◆ What you need to do:
Only the lines from the start of the data through the line containing "Ugreen 60559 Dual" should be written out, exactly as they are, with both ends included and the pictures left out.

Records from a data collection
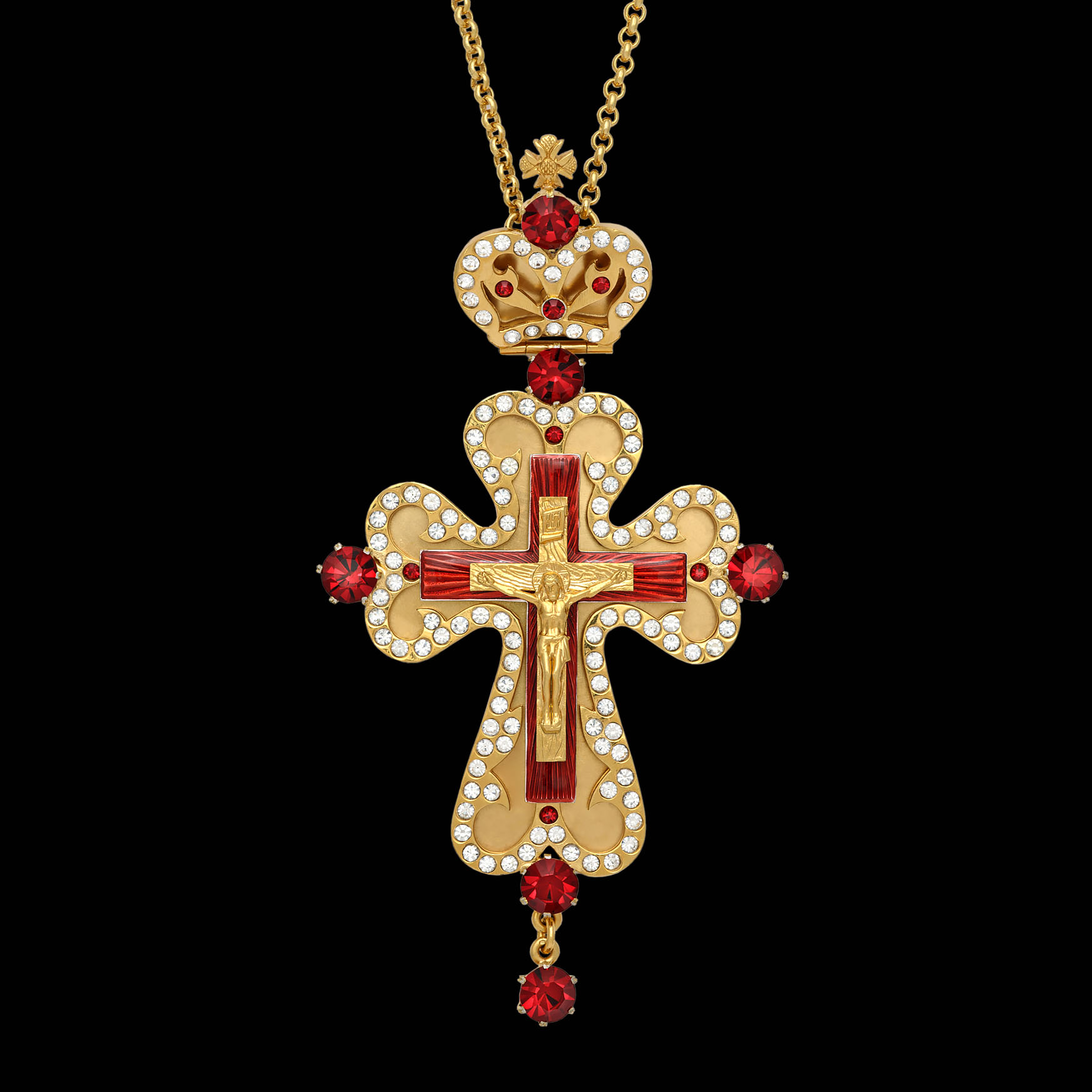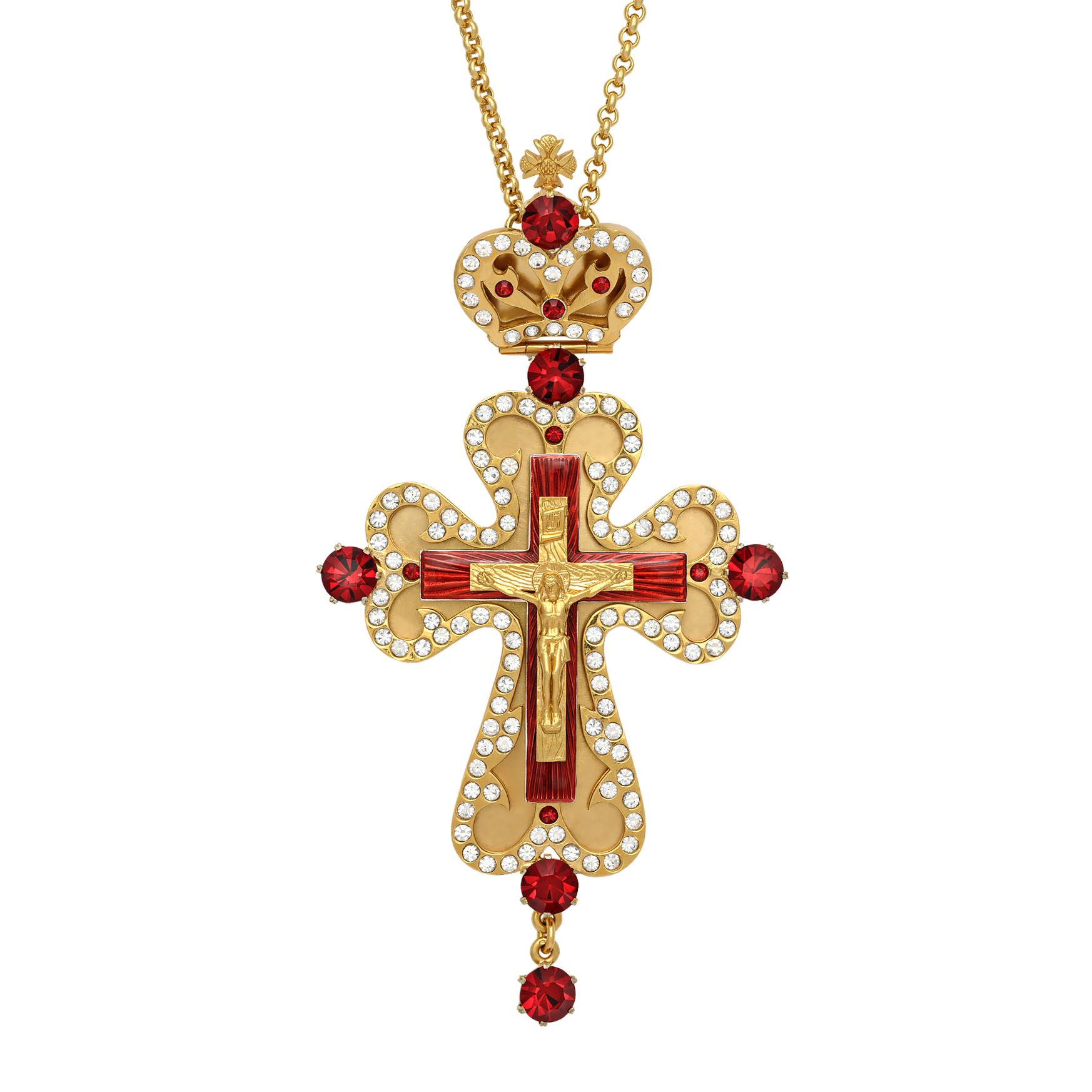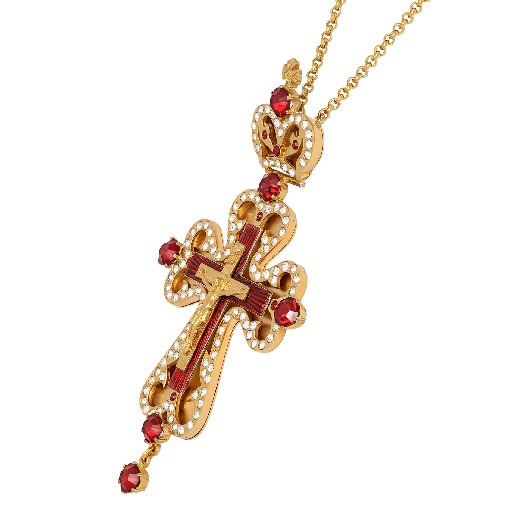 Крест наперсный №49 / золочение / серебро литьевое распятие, эмаль (УИН)
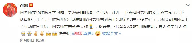 对于这些扑面而来的争议,谢娜回应说:是导演临时要加一个互动,我就是试试话筒,一个凑人数的自嗨辅助,看大神学习大神。
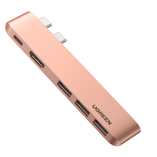 Ugreen 60559 Dual USB-C To HDMI+3*USB 3.0 A+Type C Female Converter Gray
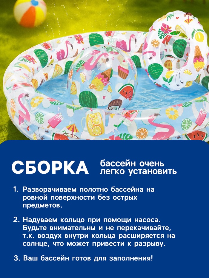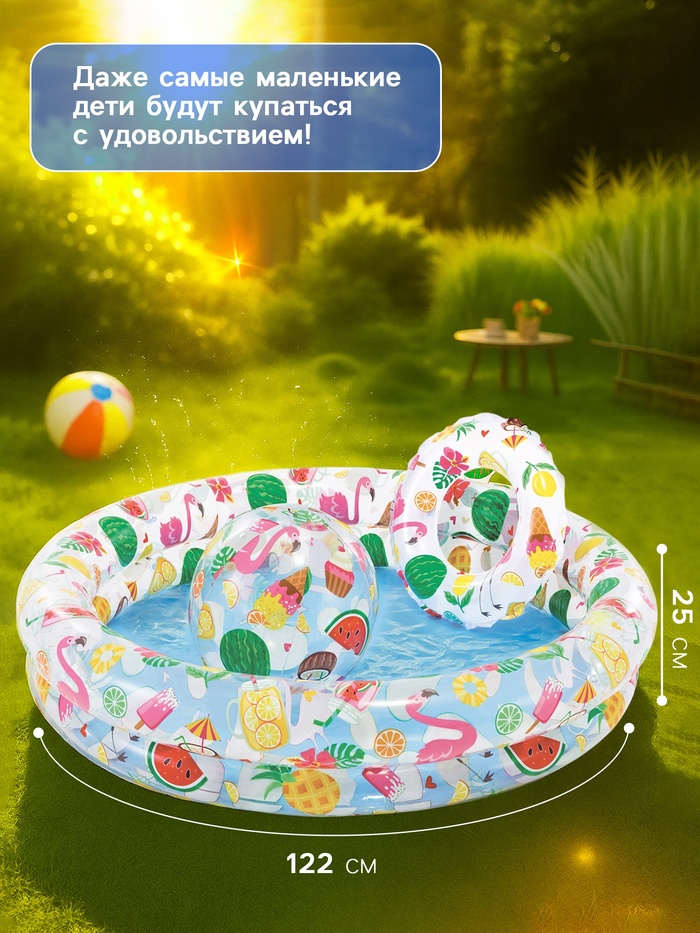 Бассейн надувной «Фрукты», 122×25 см, с кругом и мячом, от 2 лет, 59460NP INTEX 10 фото
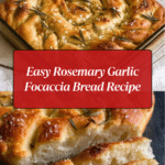 This Easy Rosemary Garlic Focaccia Bread is a perfect homemade Italian flatbread featuring a fluffy, golden crust infused with fresh rosemary and garlic. Soft on the inside with crisp edges, this recipe uses simple ingredients and an easy-to-follow method to create a delicious bread ideal as a snack, appetizer, or accompaniment to meals.
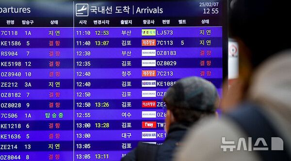 결항 항공기는 출·도착 각 10편씩이다. 30여편은 지연 운항되고 있다.
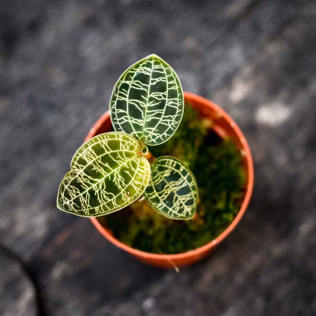 Letar du efter något extra? Juvelorkidéer är riktiga smycken i växtsamlingen – kända för sina otroligt vackra blad som glittrar i ljuset som ädelstenar. Till skillnad från många andra orkidéer är det inte blommorna som står i fokus här, utan de praktfulla bladen med sina skimrande nerver och sammetstextur.

◆ Exercise answer:
 Крест наперсный №49 / золочение / серебро литьевое распятие, эмаль (УИН)
 对于这些扑面而来的争议,谢娜回应说:是导演临时要加一个互动,我就是试试话筒,一个凑人数的自嗨辅助,看大神学习大神。
 Ugreen 60559 Dual USB-C To HDMI+3*USB 3.0 A+Type C Female Converter Gray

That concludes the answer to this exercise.